**Data extracts**
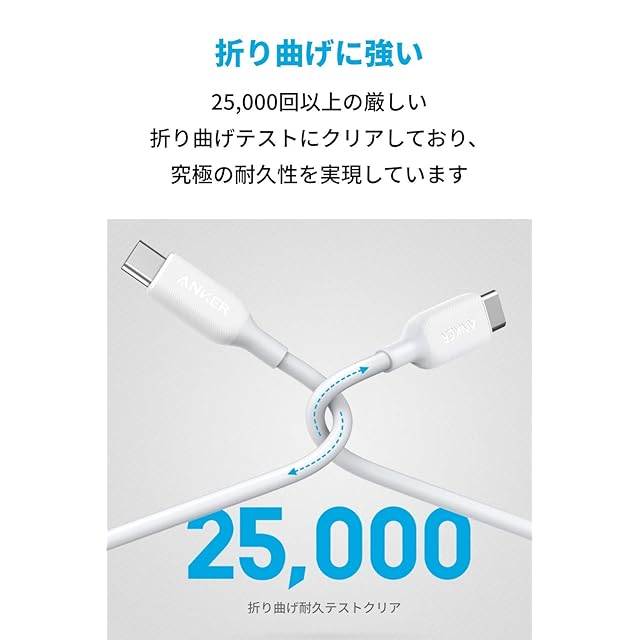 折り曲げに強い:25,000回以上の厳しい折り曲げテストにクリアしており、究極の耐久性を実現しました。また、Anker PowerLine III USB-C & USB-C 2.0 ケーブルは、PowerLineシリーズが持つ高耐久性を残しつつ、シリーズ史上最も細い構造に仕上げました。
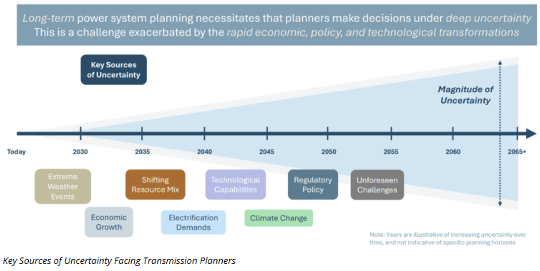 - Enhancing transmission planning frameworks to better account for key sources of long-term uncertainty, including the impacts of data centers, electrification-driven load growth, and changing market and policy conditions;
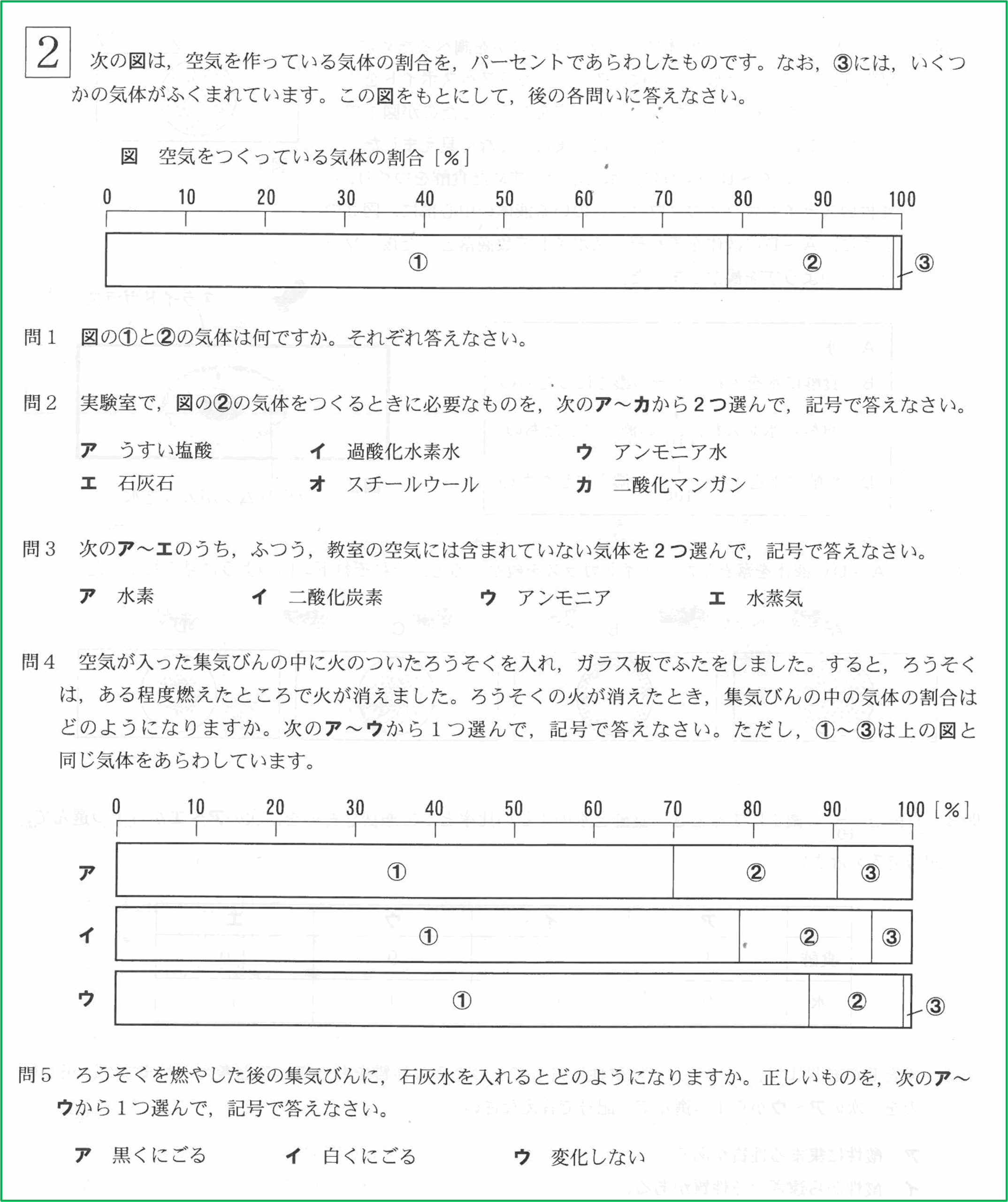 気体の物質についての問題として, 大気 中の気体の組成という観点から出題されることがあります。呼吸に大きく関係する酸素や二酸化炭素はよく扱われますが,その他の物質がおろそかになりがちです。
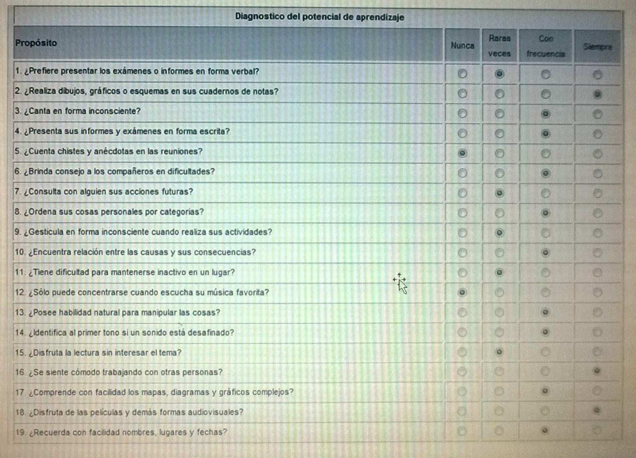 Las respuestas de siempre o con frecuencia en las preguntas 3, 12, 14, 22, 23 y 34 muestran evidencia de una inteligencia musical. Si contesto siempre o con frecuencia en las preguntas 8, 10 y 37 el predominio es de la inteligencia logicomatemática.
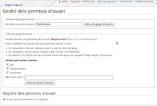 Un cop creat el compte, si tenim drets d’administrador podrem anar des de pàgines especials a “Gestió de permisos d’usuari”, on ens apareixerà un camp de cerca per buscar els usuaris que vulguem administrar.

**Assignment**
Please make an exact copy of the whole listing and leave out its pictures.

**Exercise answer**
 折り曲げに強い:25,000回以上の厳しい折り曲げテストにクリアしており、究極の耐久性を実現しました。また、Anker PowerLine III USB-C & USB-C 2.0 ケーブルは、PowerLineシリーズが持つ高耐久性を残しつつ、シリーズ史上最も細い構造に仕上げました。
 - Enhancing transmission planning frameworks to better account for key sources of long-term uncertainty, including the impacts of data centers, electrification-driven load growth, and changing market and policy conditions;
 気体の物質についての問題として, 大気 中の気体の組成という観点から出題されることがあります。呼吸に大きく関係する酸素や二酸化炭素はよく扱われますが,その他の物質がおろそかになりがちです。
 Las respuestas de siempre o con frecuencia en las preguntas 3, 12, 14, 22, 23 y 34 muestran evidencia de una inteligencia musical. Si contesto siempre o con frecuencia en las preguntas 8, 10 y 37 el predominio es de la inteligencia logicomatemática.
 Un cop creat el compte, si tenim drets d’administrador podrem anar des de pàgines especials a “Gestió de permisos d’usuari”, on ens apareixerà un camp de cerca per buscar els usuaris que vulguem administrar.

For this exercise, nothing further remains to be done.